Penultimo atto della discografia Supertramp. Siamo nel 1997 e il gruppo dopo qualche anno di sbandamento si ricompatta, con alcune facce nuove, intorno al pianista cantante e compositore Rick Davies. Perso ormai da tempo il treno per continuare a stare fra i grandissimi del pop rock, la formazione si accontenta di assecondare le voglie adulte del leader, sempre oscillanti fra jazz blues, vocine ironiche in falsetto, elegante e ritmico accompagnamento pianistico. Ora però emerge un ulteriore restringimento della peculiarità della banda, già fortemente menomata dall’abbandono di Roger Hodgson tanti anni prima.

Ne è simbolo l’iniziale, interminabile (dieci minuti) “It’s a Hard World” dove tutte le voglie jazz e soul di Davies vengono sfogate in un esteso, notturno vagabondaggio rhythm&blues di classe indubbiamente sopraffina, ma purtroppo privo di consistenza tematica e quindi adeguata accessibilità.

Si sente bene che l’album è più accurato dei precedenti… gran suoni e bel groove strumentale coi nuovi musicisti che sono assai migliori di quelli che non ci sono più.

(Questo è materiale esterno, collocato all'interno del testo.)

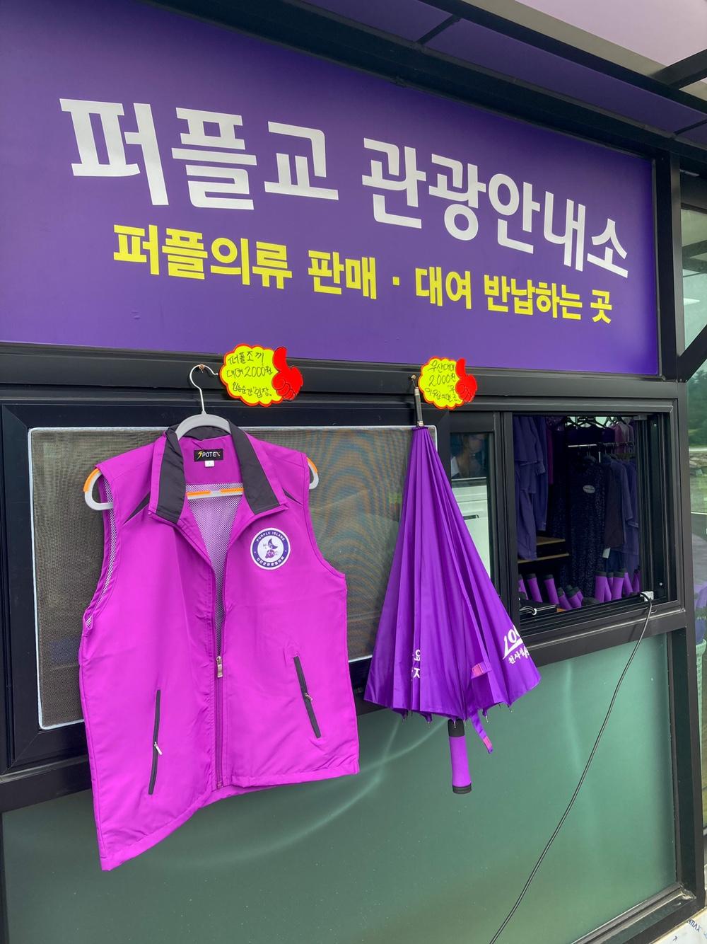 ค่าแท็กซี่จะอยู่ที่ประมาณ 9,000 วอน โดยคนขับจะมาส่งที่บริเวณสะพานสีม่วง ซึ่งเป็นต้นทางในการเดินไปยังเกาะสีม่วงค่ะ เวลานี้ก็มีอาหารขายนะคะ แต่ราคาค่อนข้างสูงเลยละค่ะ ตอนที่เราไปเกาะสีม่วงแห่งนี้ยังไม่มีการเก็บค่าเข้านะคะ แต่มีป้ายติดราคาค่าเข้าไว้ ผู้ใหญ่ 3,000 วอน, ทหารและเด็กนักเรียน 2,000 วอน และเด็กเล็ก 1,000 วอน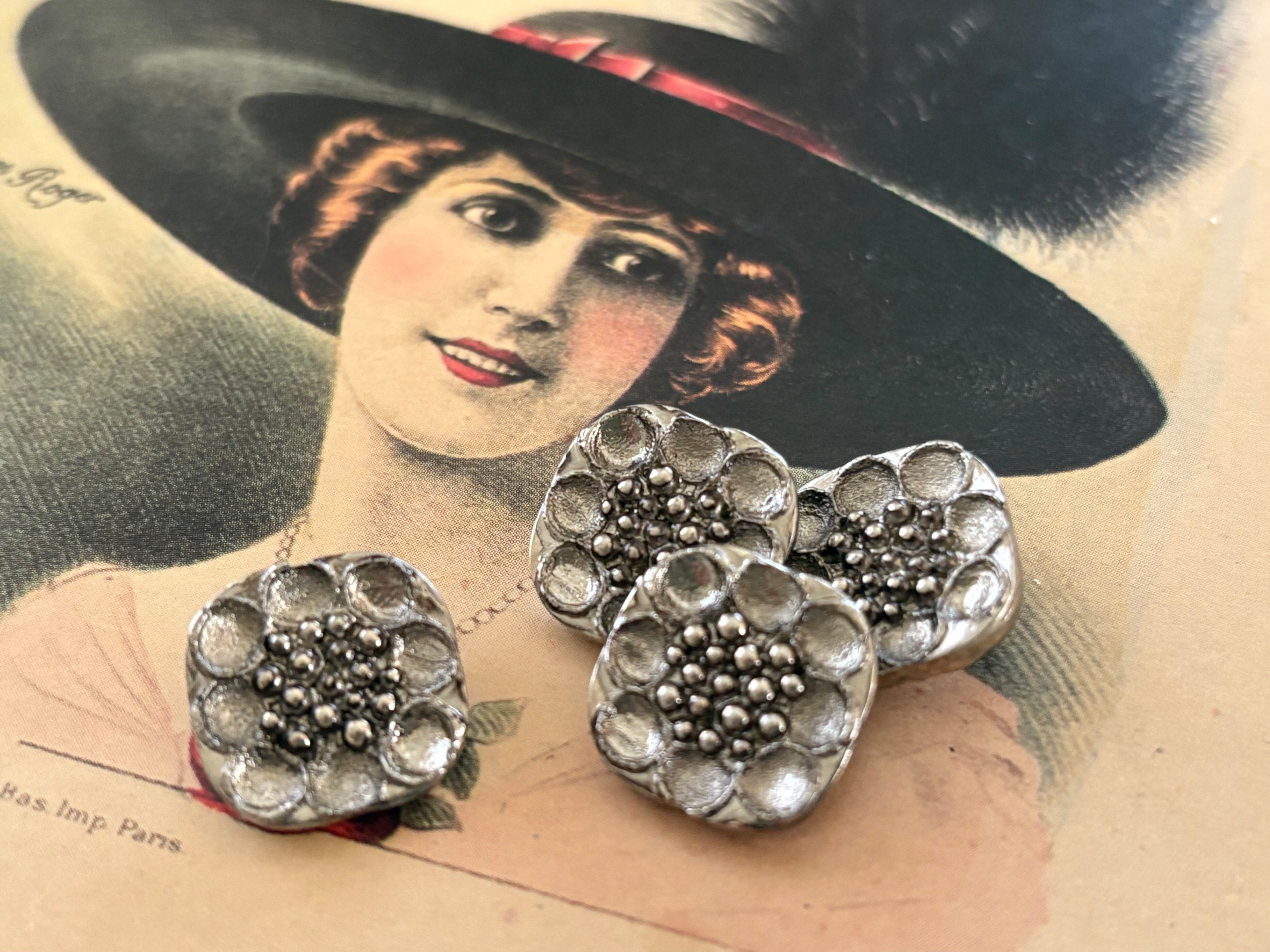シルバーカラーのアンティークな風合いが小さいサイズながらも目をひくボタンです。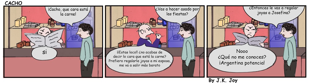 Actualidad Cacho se queja del precio de la carne 16 diciembre, 2024 Compartir en Facebook Compartir en Twitter 🔊 Escuchar la entrada El personaje principal de la tira cómica de Diario Cuarto Poder , Cacho, Creado por J.K. Joy , no puede dejar de ser Cacho ni para la Navidad Comments Comentarios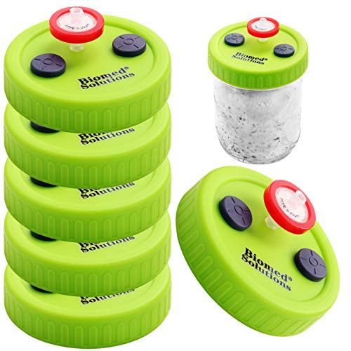 6 st brett munstycke flytande kulturlock matkvalitet plast korn gympa odling glasburk lock med 0,22 um PTFE sprutfilter & 20 mm självläkande injektionsportar för svampbiomedlösningar..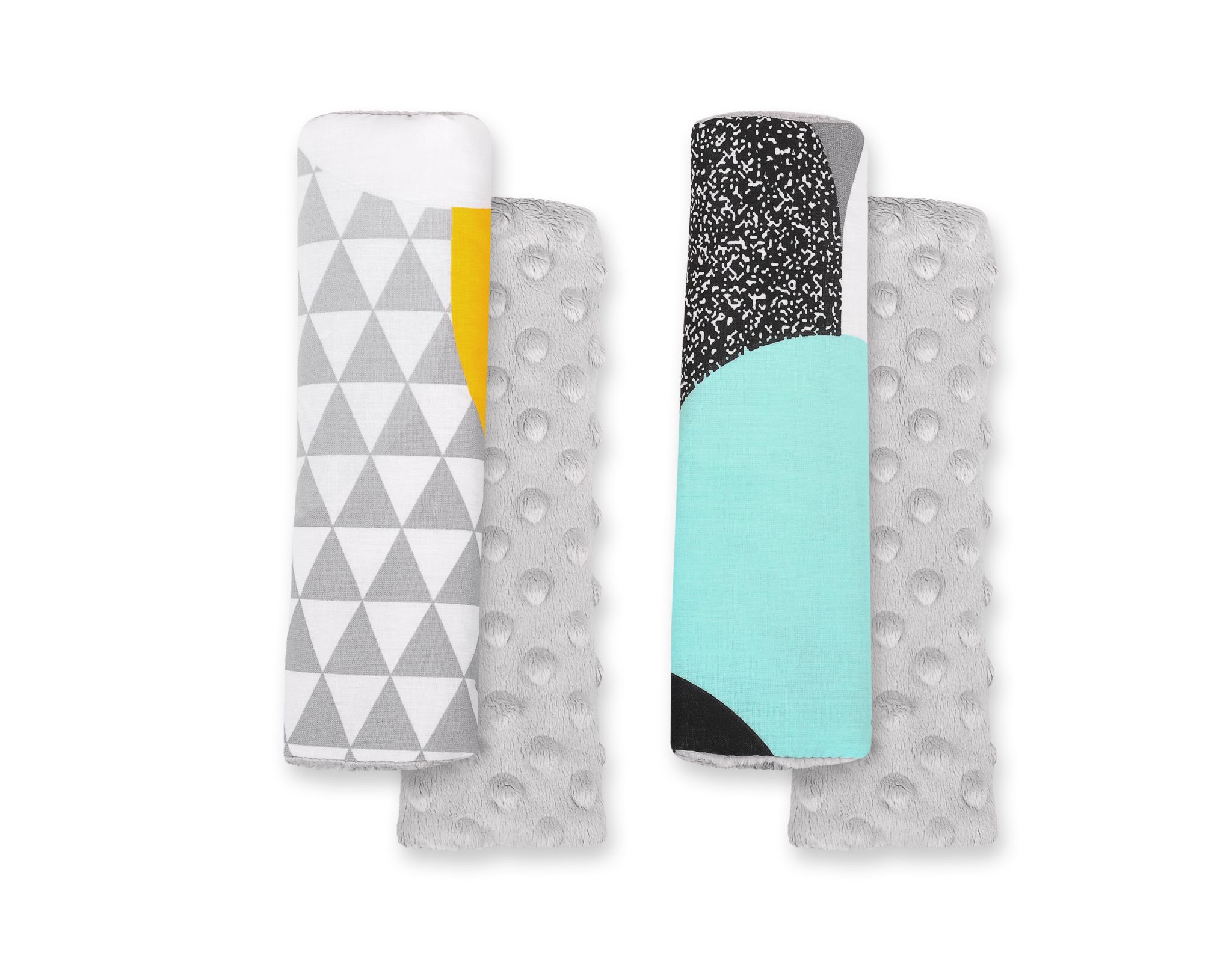 und weichem Minky. Die Gurte werden mit Klettverschluss befestigt, sodass das Anlegen der Gurte nicht lange dauert. Bequeme und weiche Polster bieten Ihrem Kind Komfort. Starre und nicht bequeme Gurte werden nicht länger problematisch sein. Das Set enthält 2 Stück.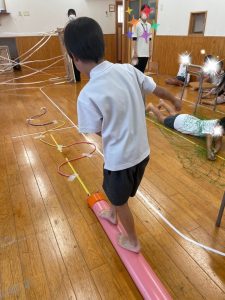 棒の上を落ちないように

Ad esempio il fresco acquisto alla chitarra Carl Verheyen è un musicista da sballo, anche se qui è sotto impiegato. Però nel genere musicale e nel modo di comporre si è scivolati verso lo scolastico, lo standardizzato, l’immemorabile senza speranza. Il disco suona perciò benissimo, intrattiene, ma i veri Supertramp erano altro: portavano melodie imprevedibili e trancianti, sequenze di accordi sorprendenti, riff di pianoforte scolpiti e sublimi… Davies prende qui ad essere una specie di Ray Charles dei poveri, bravo e appassionato quanto superfluo, con questa regressione verso i suoi maestri neri che appare tanto rispettosa e adeguata quanto inutile, anzi dannosa perché sull’altro piatto della bilancia va a farsi fottere la specificità dei Supertramp, persa per strada quasi del tutto.

Per esempio la canzone eponima dell’album gode di una gustosa chitarra funky e un succoso doppio assolo, prima di piano misto acustico/elettrico e poi di fiati rimisto trombone/sax ma… così sembrano gli Steely Dan! E l’attacco di “Sooner or Later” richiama quello di “Billy Jean” di Michael Jackson, cacchio. E’ proprio rhythm&blues amerragano, altro che progressive pop inglese. Del resto più della metà dei musici in azione è made in USA, paese dove d’altronde i Super risiedono da più di vent’anni.

Help Me Down That Road” è allora un boogie blues scolasticissimo… aiuto! La migliore melodicamente alla fine risulta essere “Give Me a Chance”, cantata (modestamente) dal chitarrista australiano (ecco…) Mark Hart, il quale sarà pure quello dei Crowded House ma ad Hodgson non gli allaccia neanche le scarpe, o i pantaloni. Però almeno è guarnita di un coro pop arioso e memorabile, merce rara in questi tardi Supertramp.

Tutto il contrario di “C’Est What?”, una presa in giro della (stupenda) “C’Est Le Bon” di Hodgson di quindici anni prima (album “Famous Last Words”): il solito groove su di un unico accordo… sembrano i Traffic (più svegli) cacchio, non si può! Bello, ma non c’è più niente dei Super. Nemmeno in chiusura con l’intensa “Where There’s a Will”, che ci porta compiutamente dalle parti di Billy Joel quando a sua volta corre dietro a Ray Charles. Ci sono pure i cori gospel: grande, ma i Supertramp? Cambiare è giusto, ma non involvendosi e tornando ai padri e ai nonni del blues.

Suonato e prodotto benissimo, con Davies che canta bene, felice com’è di regredire alle sue origini da ragazzo, coi fiati dappertutto alla newyorchese, con sempre quattro accordi in croce, tutto groove e poca melodia… Questo lavoro meriterebbe quattro stelle piene, se solo fosse il disco di una nuova formazione di jazz blues classico statunitense. Ma è il decimo dei mitici Super ed allora paragonato a “Crime of the Century” se ne meriterebbe due a stento… Facciamo tre quindi.